Quadruplex recognition and discrimination by dynamic combinatorial chemistry

DNA is presumed to exist largely as the Watson-Crick double helix in living cells. There is growing evidence to suggest that the folded structure of DNA is dynamic and that various alternative structural forms can exist. There is a four stranded form of DNA / a quadruplex helix called a G-quadruplex / that is known to form in certain G-rich sequences of DNA known to exist is many different places in our chromosomes. There is evidence to support that the formation of the quadruple helix can switch 'off' certain genes. This proposal aims to explore the possibility of generating small molecule ligands that can specifically recognise such quadruplexes by targeting loop structures that appear to be unique for each quadruplex. This might in the longer term lead to a new class of therapeutic agents that function by selectively targeting DNA secondary structures rather than proteins.

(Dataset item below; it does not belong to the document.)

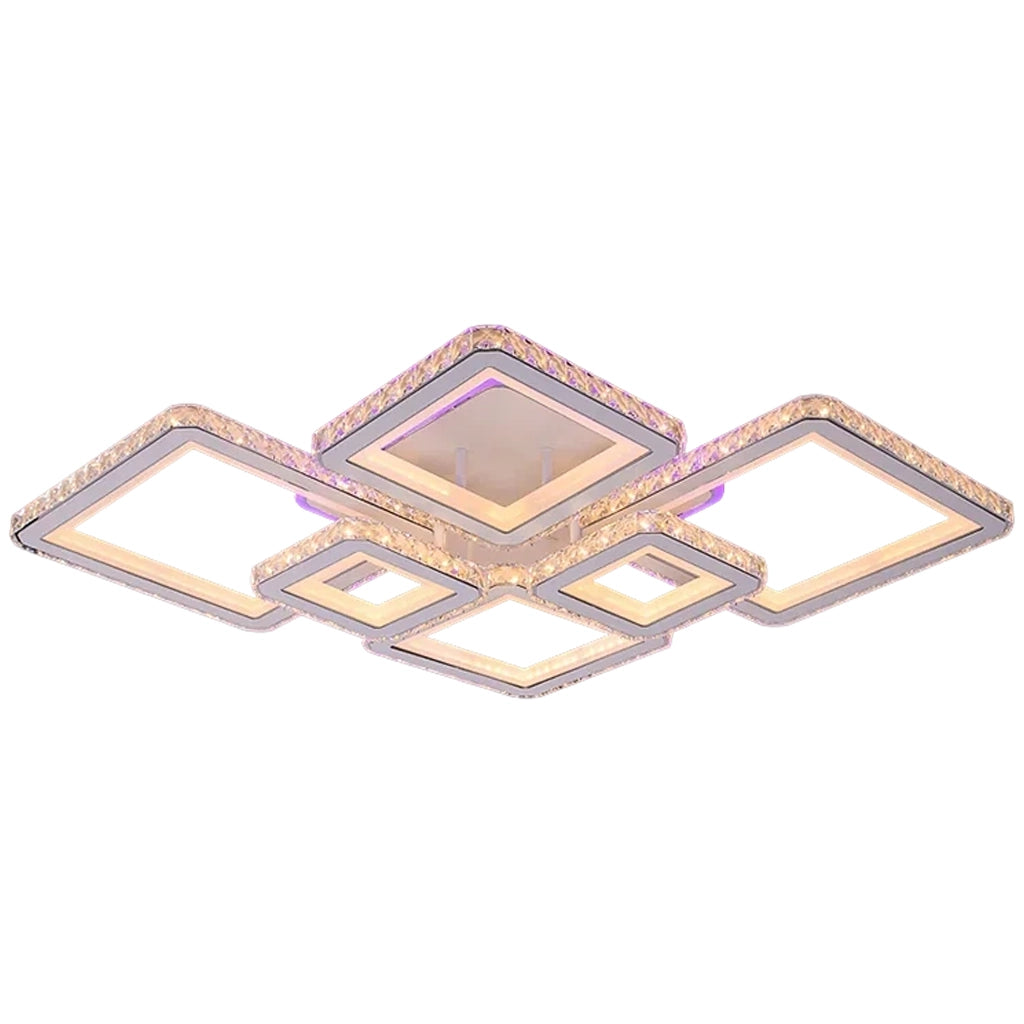 LED chandelier with remote control and crystal QUADRIS RGB 175W, 6 Squares, Cold/Warm/Neutral Light, Dimmable, White

DNA sequence motifs with four or more stretches of Gs are predisposed to the formation of four stranded G-quadruplexes. Recent evidence points to the existence and function of such motifs in telomeres and also in gene promoters. A number of quadruplex forming sequences have been reported in the promoters of genes, leading to the hypothesis that quadruplex formation in gene promoters is mechanistically linked to the regulation of expression of that gene. Small molecule ligands have been reported that bind to and therefore stabilise the quadruplex folded form of DNA. The focus of this proposal is to exploit the structural differences (loop size, loop sequences, strand polarity) between quadruplexes for developing original ligands specific for a given quadruplex by targeting its loops. We will employ a fragment-based approach that exploits the power of dynamic covalent chemistry (DCC) to identify fragments that recognise specifically each loop of the quadruplex. Highly specific ligands will be obtained by combining the selected loop-recognising building blocks to a quadruplex DNA binding platform. The proposal will expand on dynamic covalent methodology, provide fundamental insights into quadruplex recognition and generate new classes of quadruplex-specific ligands that will serve as valuable tools for biology.